PROBLEM REQUIREMENTS
Look below for the line that contains "Manhattan Serenity Himalayan" and the line that contains "5、进入设置界面后,分别点击", then restate both of them and every line in between, exactly. No picture goes in the copy.

RECORDS FOR PROCESSING
-- Opening Marker --

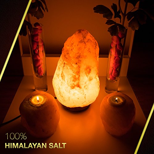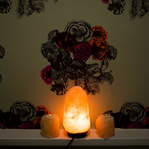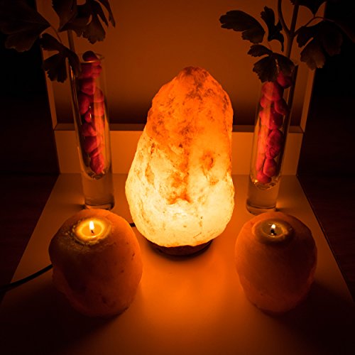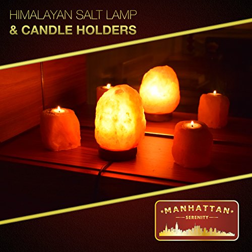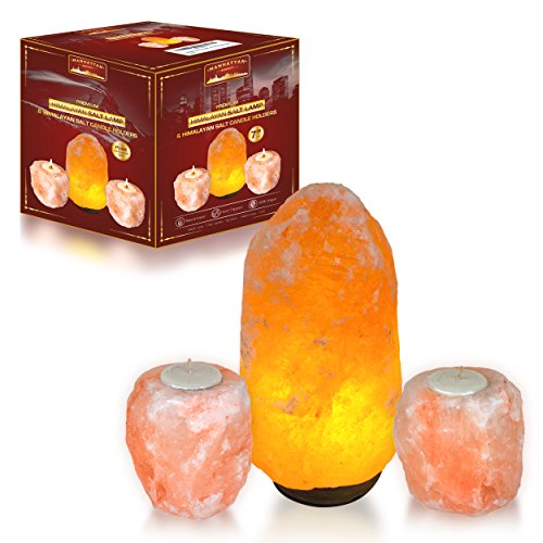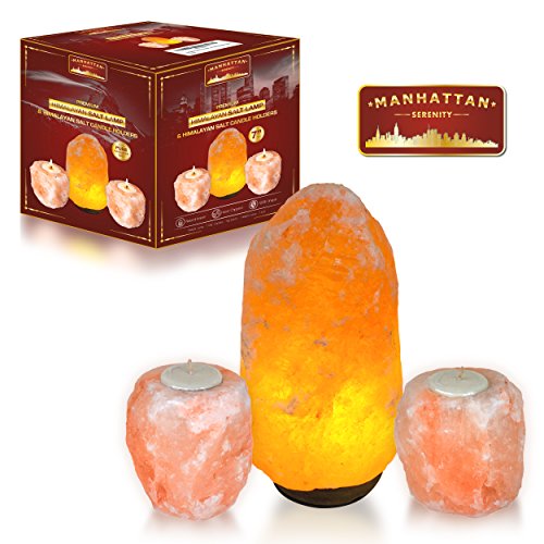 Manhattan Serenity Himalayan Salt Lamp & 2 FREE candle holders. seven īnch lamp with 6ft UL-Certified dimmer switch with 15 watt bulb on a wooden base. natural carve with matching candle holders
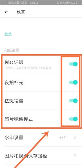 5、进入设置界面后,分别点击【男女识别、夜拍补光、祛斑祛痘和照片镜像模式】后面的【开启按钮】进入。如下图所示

-- Closing Marker --
-- Opening Marker --

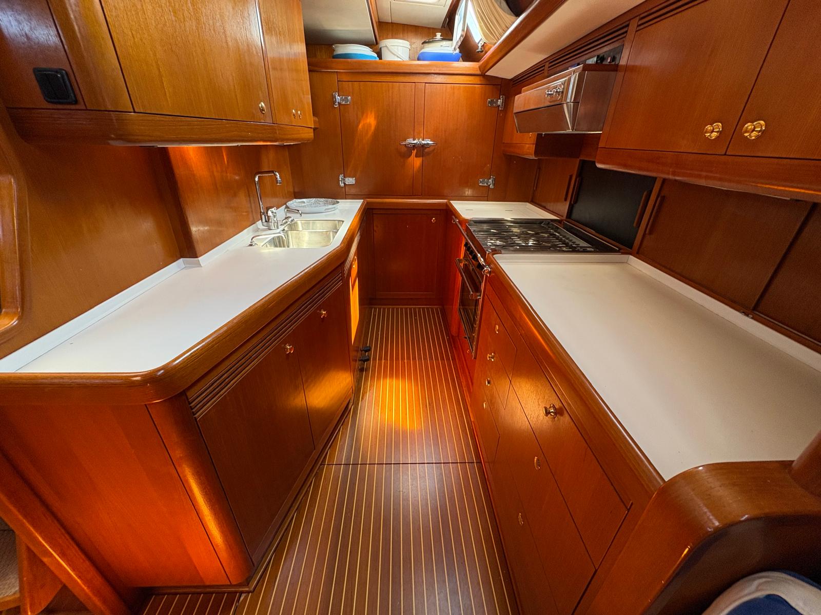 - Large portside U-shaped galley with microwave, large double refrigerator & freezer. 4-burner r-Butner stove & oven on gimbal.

-- Closing Marker --
-- Opening Marker --

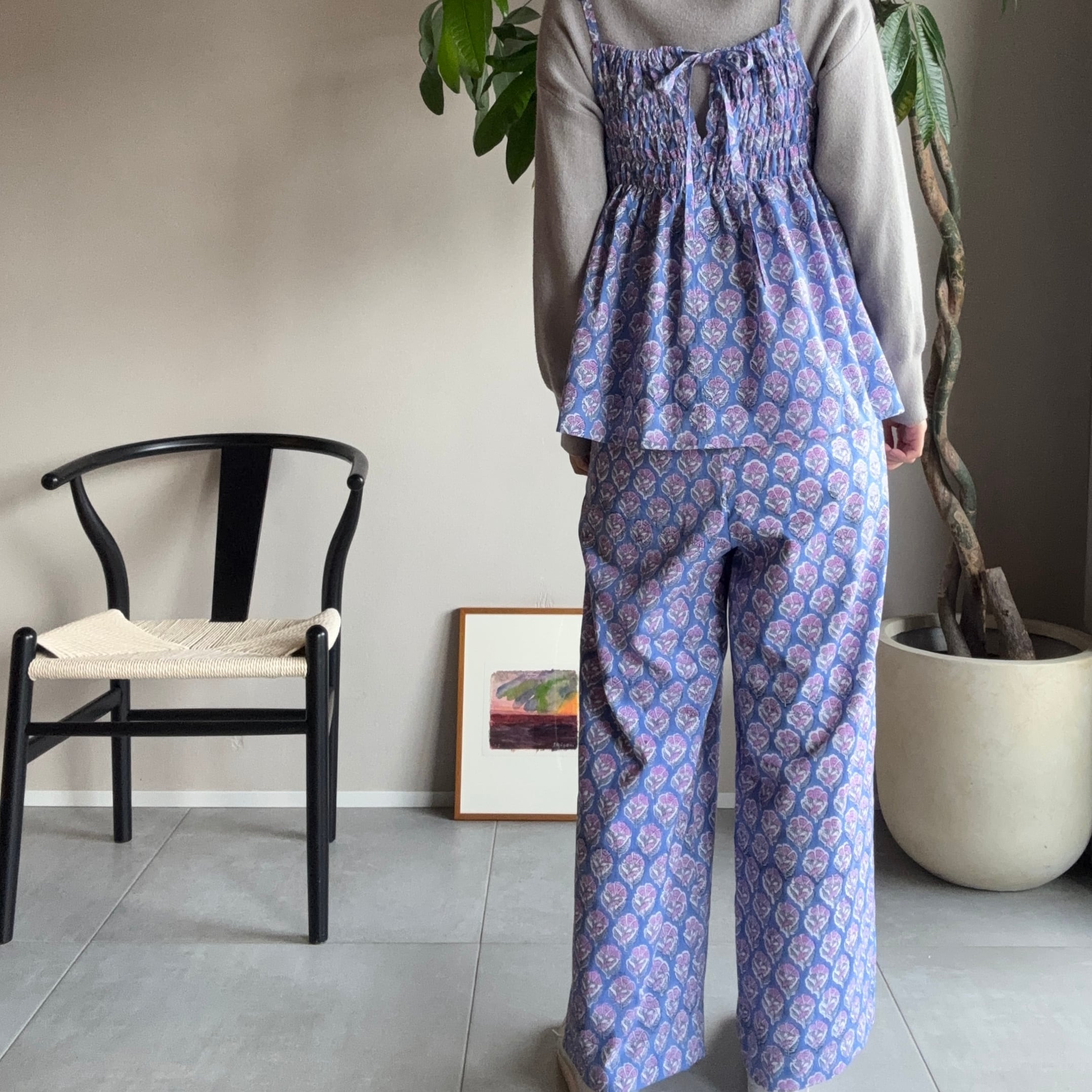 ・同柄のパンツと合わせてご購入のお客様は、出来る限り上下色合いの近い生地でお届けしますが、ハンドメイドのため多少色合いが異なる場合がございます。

-- Closing Marker --

SOLUTION TO THE PROBLEM
 Manhattan Serenity Himalayan Salt Lamp & 2 FREE candle holders. seven īnch lamp with 6ft UL-Certified dimmer switch with 15 watt bulb on a wooden base. natural carve with matching candle holders
 5、进入设置界面后,分别点击【男女识别、夜拍补光、祛斑祛痘和照片镜像模式】后面的【开启按钮】进入。如下图所示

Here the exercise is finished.